**Required action:**
Your reply should set down word for word each line below from the one with "This bingo card" through the final line, both included, but none of the pictures.

**Data block:**
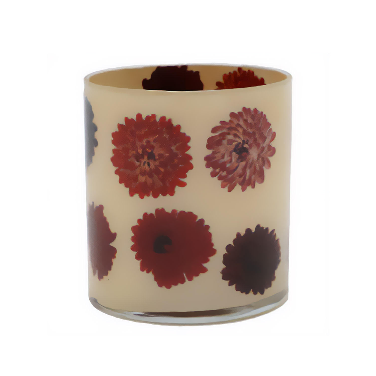 A tall, cylindrical desk cup, this objet d'art features a collection of pink and purple flowers on a neutral background from a 19th century wallpaper découpaged beneath handblown glass by John Derian in his New York studio.
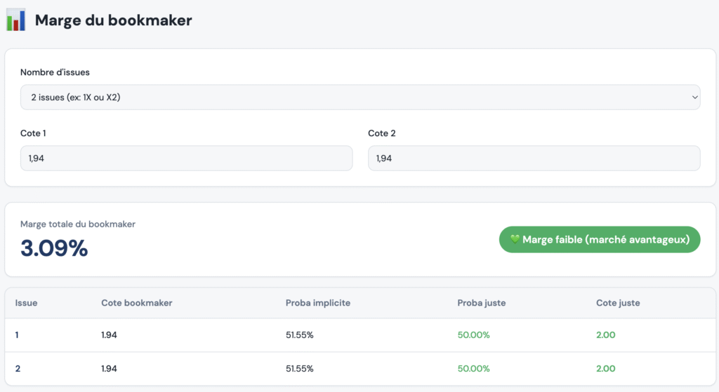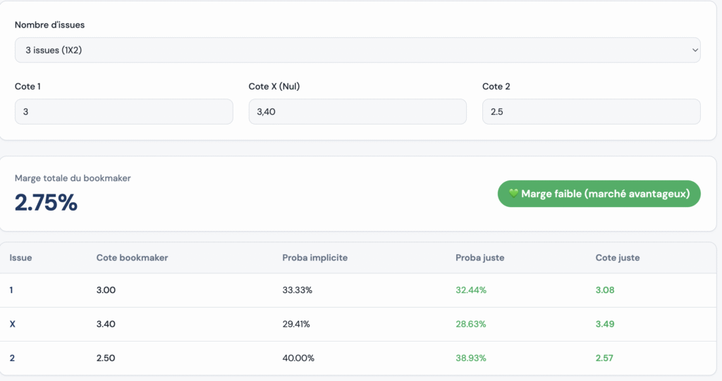 C’est la fonctionnalité la plus puissante de notre outil. En plus de la marge, la calculatrice vous donne la « Cote Juste » (Fair odds).
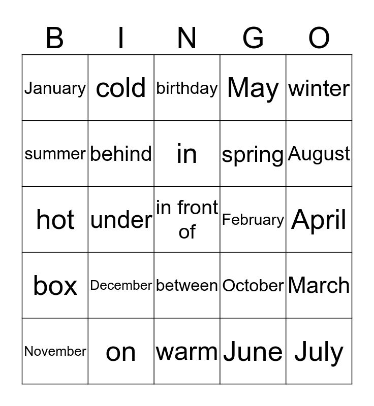 This bingo card has 30 words: on, fall, under, next to, January, birthday, behind, between, February, warm, April, in front of, June, July, August, bag, October, box, December, winter, hot, cool, cold, spring, summer, May, March, November, in and September.
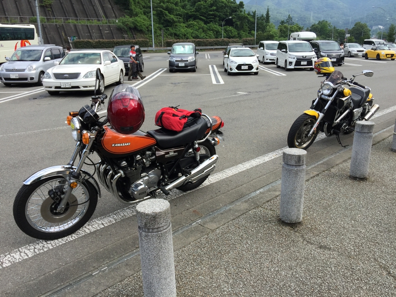 心配していたETCも無事に稼働し、スムーズに高速に入れました。家を出て30分、集合場所のPAに到着、車と違ってやはり休憩を多く取り入れて道中進みます。途中でT君から提案、「バイクを交換しようよ。」OKして彼のヤマハV-Maxに跨がりました。排気量は僕のバイクの1.3倍、パワーは3倍? 楽〜♪ 後ろを気にせず飛ばした後、バックミラーを見ると彼の姿はなし……?

**Answer below:**
 This bingo card has 30 words: on, fall, under, next to, January, birthday, behind, between, February, warm, April, in front of, June, July, August, bag, October, box, December, winter, hot, cool, cold, spring, summer, May, March, November, in and September.
 心配していたETCも無事に稼働し、スムーズに高速に入れました。家を出て30分、集合場所のPAに到着、車と違ってやはり休憩を多く取り入れて道中進みます。途中でT君から提案、「バイクを交換しようよ。」OKして彼のヤマハV-Maxに跨がりました。排気量は僕のバイクの1.3倍、パワーは3倍? 楽〜♪ 後ろを気にせず飛ばした後、バックミラーを見ると彼の姿はなし……?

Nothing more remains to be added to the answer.